Mal nods with a hum and kisses Belle's forehead as their five-month-old sleeps against her chest. She's currently wearing Ben's looks right now, as she often does when she's asleep. She tends to take on Mal's hair and pallor when she's angry, hungry, excited, or when she's having a particularly colorful dream. "I wonder if we made him pay dividends out of his own pocket for the class?" She asked. "Aladdin and Jasmine had Aziz do that while he was growing up if they caught him stealing."
Ben tosses the idea back and forth and then nods in approval. "I like that idea, actually," He sighs. "Maybe we should pull him out until the winter semester and give him a tutor until then. Keep him under wing so he doesn't lash out at anyone until then."
Mal hums her approval and then flicks her eyes towards the door. "Should we go talk to him now, or give him more time to cool down?"
"I don't want to look at him right now," Ben growls and leans forward to put his head on the table. "Oh… that child… he's got such a sharp tongue."
"You're telling me," Mal muttered, taking a seat beside him.
"You know he gets it from you, right?" He turns to stare at Mal. "Him and Zach both. All their wit comes from you and your parents. They talk circles around me."
"That's flattering, Ben," Mal rolls her eyes. She sighs and leans her head on his shoulder, balancing the baby in her lap far enough away that Belle's not breathing the underside of the table. "I need a nap."

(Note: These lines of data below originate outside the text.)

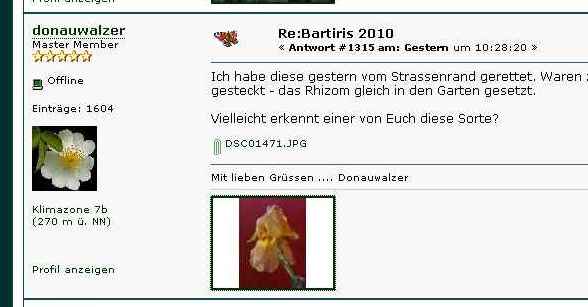 Ich hab heuer leider sehr wenig zeit für Gartenpur.Deshalb hier im Schnelldurchgang.Liebe Irisfool ich sehe meine "Iris-kinderchen" mach mir Ehre und blühen bei dir.Die Namen bei den Posts sind alle richtig, deine Zweifel unberechtigt.Von den Iris die ich letztes Jahr von verschiedenen Forumsmitgliedern bekommem habe blühen heuer auch die meisten. Zeit zum posten werde ich aber erst im Herbst/Winter finden. Ich hab den Thread überflogen und folgende Bilder mit Namen oder Namensvorschlägen versehen. Wer näheres wissen möchte sendet mir am besten eine PM. (und hat Geduld bis Herbst)Lg Irishans
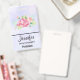 Name badge with a beautiful and elegant watercolor created floral bouquet. Pink garden flowers surrounded by light green foliage.
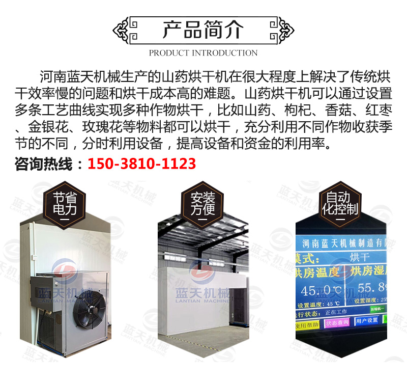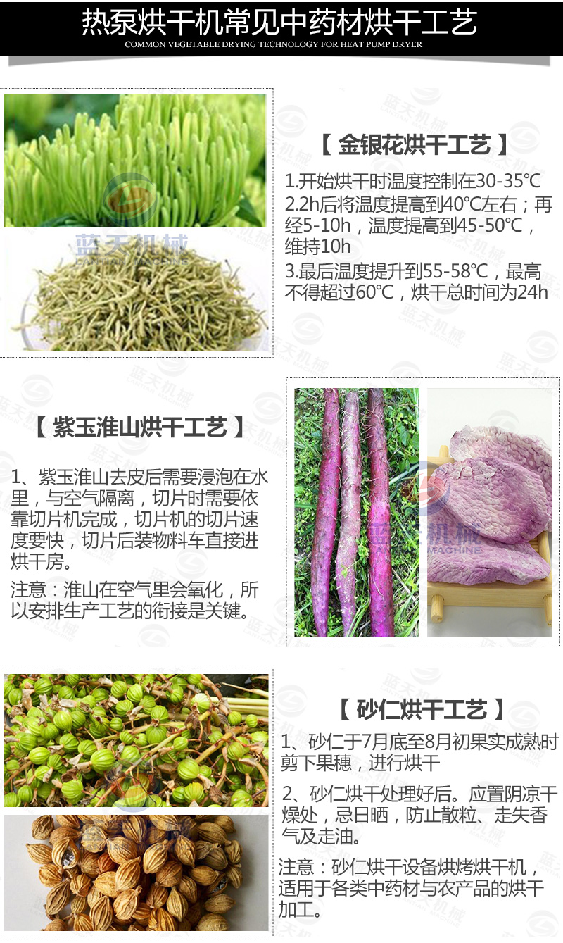 4、小切片烘干時,山藥烘干機(jī)的溫度不能太高,一般控制為70-90℃,時間設(shè)置為6-7個小時。大切片烘干時,山藥烘干設(shè)備的溫度設(shè)置要高點(diǎn),一般控制在80-100℃,烘干時間為9個小時。碎切片烘干則溫度要求較低,烘干時間為5個小時,溫度設(shè)置為60-80℃。
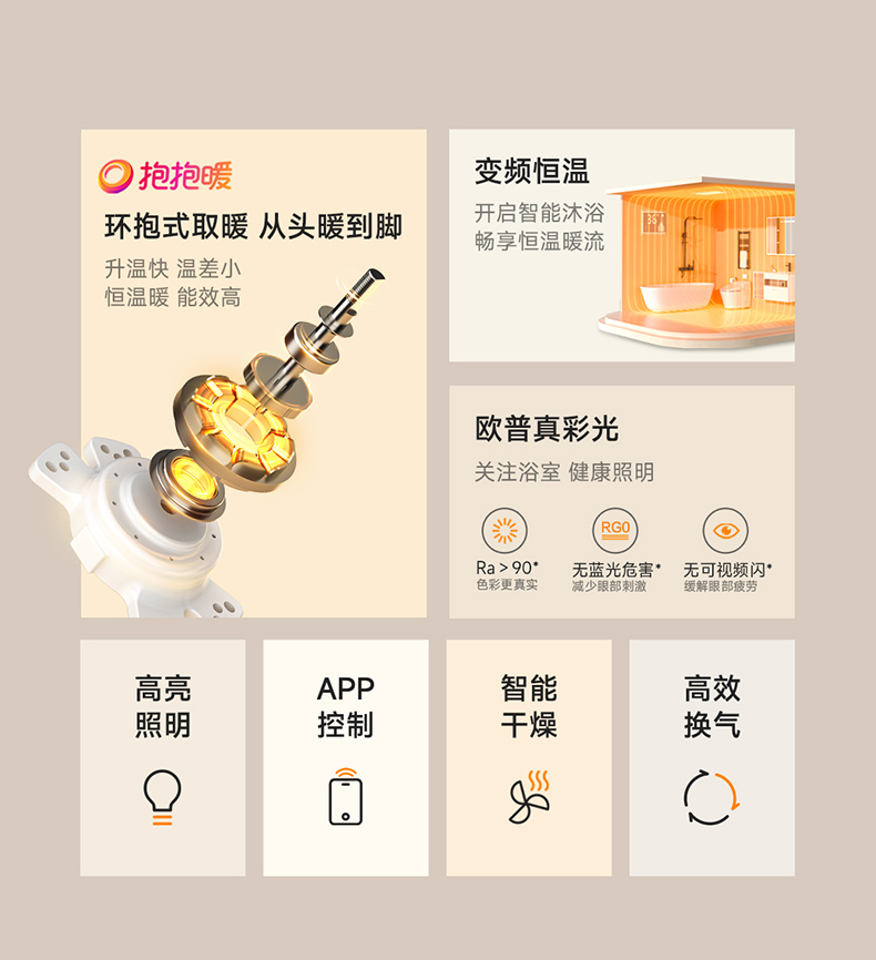 欧普(OPPLE)抱抱暖风暖浴霸灯取暖浴室排气扇一体集成吊顶卫生间京逸01Si
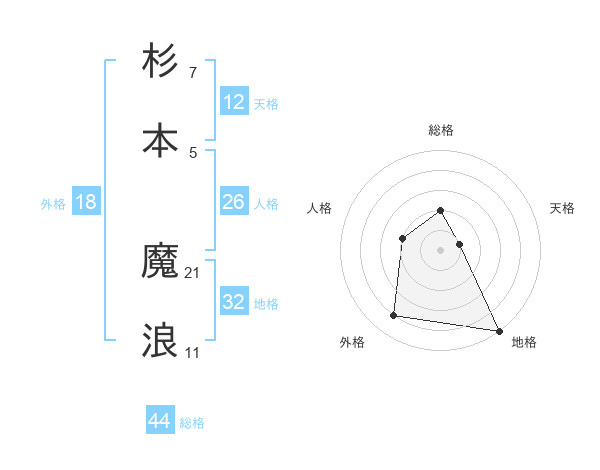 杉本 魔浪さんを姓名の画数から五運を鑑定
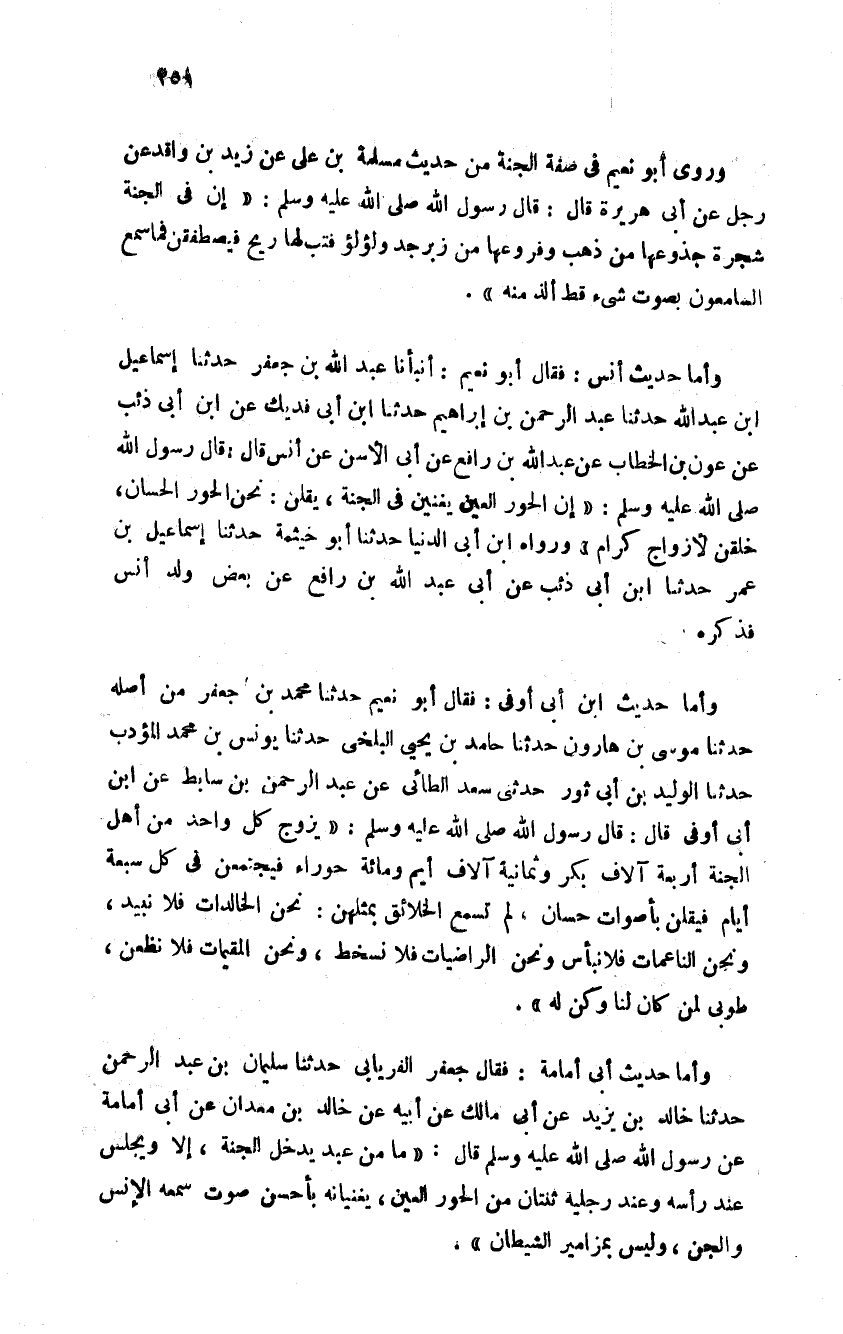 وأما حديث ابن أبي أوفى فقال أبو نعيم حدثنا محمد بن جعفر من أصله حدثنا موسى بن هارون حدثنا حامد بن يحيى البلخي حدثنا يونس بن محمد المؤدب حدثنا الوليد بن أبي ثور وحدثني سعد الطائي عن عبد الرحمن بن سابط عن ابن أبي أوفى قال قال رسول الله صلى الله عليه وسلم: "يزوج كل واحد من أهل الجنة أربعة آلاف بكر وثمانية آلاف أيم ومائة حوراء فيجتمعن في كل سبعة أيام فيقلن بأصوات حسان لم تسمع الخلائق بمثلهن نحن الخالدات فلا نبيد ونحن الناعمات فلا نبأس ونحن الراضيات فلا نسخط ونحن المقيمات فلا نظعن طوبى لمن كان لنا وكنا له ".
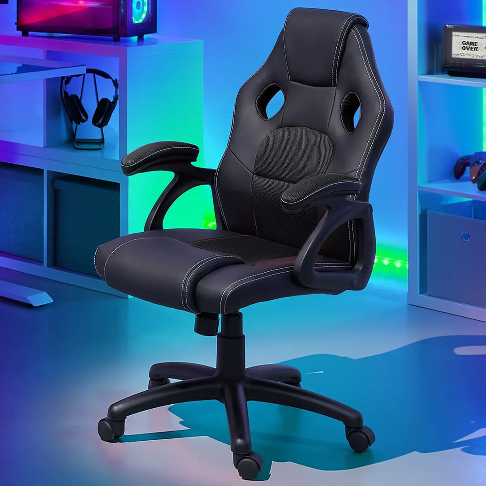 In this ergonomically shaped gaming chair from tectake, with its flowing lines, back support and comfortable padding, you'll be sure to finish in first place. Breathable mesh inserts wick moisture away whenever working or gaming brings you out in a sweat. The robust base of this swivel chair guarantees exceptional stability, while the abrasion-resistant double castors glide easily over the floor. The plastics used give the construction its impressive durability and make using this racing chair from tectake a unique experience. Perfect for the home and office environments, this gaming chair helps you complete work and gaming tasks efficiently.

Ben laughs. "Only a nap? I need a full winter's hibernation."
"I need a grave," Mal responds dryly.
"Here lies Mal Betha's patience."
"And Ben Florian's wit."
"Ouch."
"…"
"Should we go talk to him now?"
"I thought you needed a hibernation?"
"Oh, believe me, wrestling with that kid is going to put me into a coma, easily."
Tyler does extra chores around the castle all the days he's home from school. Lumiere puts him to work mopping floors, scrubbing windows, polishing silverware, and vacuuming. In the evenings, he still has to do all the schoolwork he missed at the bar while Zach reads through his textbooks and writes in his new hardback leather journal that he got for his birthday. His composition notebook is full and in a prized position in his bookcase while the journal gets to take up the treasured place on his headboard with his old dictionary.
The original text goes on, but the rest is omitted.